Earlier in the race, I had worked out times to be at spots on the trail, which allowed me to get the loop done with 8 minutes to spare. This last loop I hit the first checkpoint two minutes behind my mark. I hit the second checkpoint 8 minutes behind my mark.

I hit the third checkpoint 15 minutes behind, a little past the cowbells clanging, my legs had no run left in them and there was a faint gentle breeze. I felt the calm ease of mind I reckon you feel when you done made peace with the inevitable at the end of everything.

Gary Cantrell makes special things. They aren’t just races, they’re experiments we get to conduct on our very souls. Everyone either quits or fights but ultimately everyone loses. It’s what we do with that information that makes us either stronger or chips a little bit of ourselves away.

There’s a bonfire Gary gets going every year as night rolls in to Bell Buckle, TN. It’s his fire and I mean by that, don’t mess with it unless you’re married to him. I once accidently burned my shoes trying to warm up my feet and he yelled at me, not for endangering myself but for putting something in the fire he didn’t want there.

There was moonshine and monkey shine and I don’t care how corny that sounds. It was a lovely place, a big circle of old friends and new friends and welcome strangers. I kept trying to find missing friends in the fire lit faces of these new people.

Jim was home tending his torn up feet, Catherine and Bill who are not married but really ought to be were home in Canada trying to get Tennessee out of their blood, Ray the K just ran 1800 miles for reasons no one can discern, Pat and Shannon who just had a baby they named Plexico. I missed them.

Don’t get me wrong, the new folks were nice enough. There were the two bearded Chris’, Rodney and Greg. I imagine world peace might happen with a bonfire and moonshine or a fist fight would break out and maybe a hockey game.

I drank a little moonshine with Durb and Waz. We had some cherries macerated in moonshine and moonshine sweetened with honey from Waz’s honeybee hives. I talked a while with Bill Schultz about a six day race he just did up in Alaska.

I had made Tim Dines late for dinner at Sir Pizza the night before so I could get some vegetarian brots and his wife cooked up for me and we shared them out to a few fellow vegetarians that night. I shared out most a my beer as well. It was such a pretty and cold night.

This year though, as the hours rolled on to late hours, the circle around the fire was mostly race wives and girlfriends too worried about their men out running through the night to want to tell stories and lie about races. They were thinking out the things their boys would need on the next loop.

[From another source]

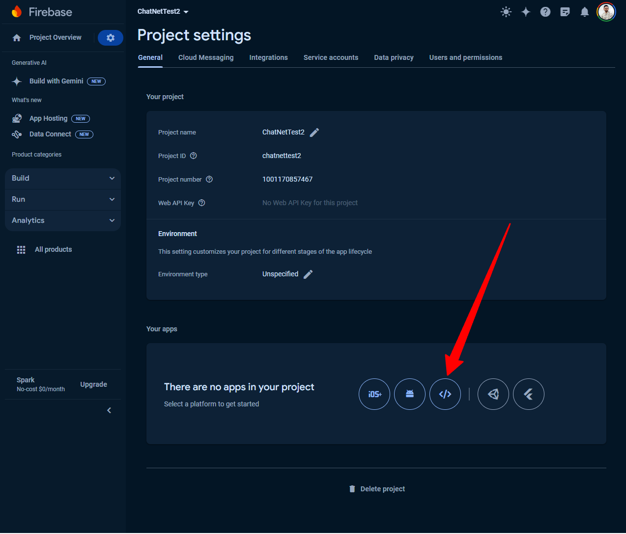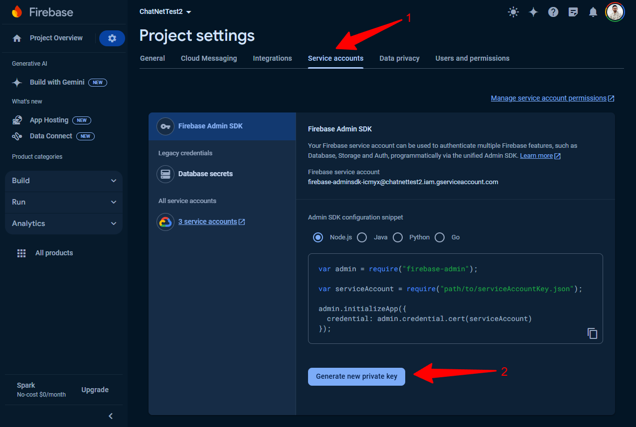 To enable push notifications in ChatNet, you need to provide several Firebase credentials. Follow these steps to obtain the required information:

I bugged Mike Melton and insulted Mike Dobies for a bit. Tim and Kathey Dines left early to rescue their son from a babysitter. I wandered back to a far field where my tent had been that year and brooded a bit and then pee’d on the spot. I went to bed around 10pm. It was really all that was left to do.

I’ve never done right by Gary in that I’ve never been smart about how I approached the race but I don’t reckon I need to, as my particular style has always been to run until there’s nothing left but heart and hands like that scene in Tin Cup where Costner keeps swinging at the stupidest shot ever just to be the guy who did it.

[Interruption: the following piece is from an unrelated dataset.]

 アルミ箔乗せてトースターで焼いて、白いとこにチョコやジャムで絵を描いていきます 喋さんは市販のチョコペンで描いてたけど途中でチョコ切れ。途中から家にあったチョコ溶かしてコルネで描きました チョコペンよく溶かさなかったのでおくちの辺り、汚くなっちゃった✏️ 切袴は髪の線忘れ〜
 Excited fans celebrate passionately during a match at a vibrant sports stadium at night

I’d rather run hard than smart. A man walks into a bar, lays down a 100 bucks and says I can out run all you mugs and then he asks the rummy sitting next to him to hold his wooden leg because that heavy old thing might slow him down. That guy would be me.

I headed home the next day around noon. Some people stayed later, some to the finish but I could see that the race would last a while and I needed to get home and to work the next day. Jeremy Ebel and Johan Steen ran 49 hours in total or 204 miles.

They both quit together. Johan had a flight out to Sweden that he couldn’t miss and Jeremy refused to win on a technicality. Gary, the race director is said to have cried actual tears. He then told them both that they had lost and the coveted entry to the Barkley Marathons would go to no one.

It’s funny to me how Gary’s compassion for Big is what got me here the first time, but the race itself has no mercy for the ill prepared or the witless, the fair minded or real good sports. This race, decidedly has got nothing to do with mercy.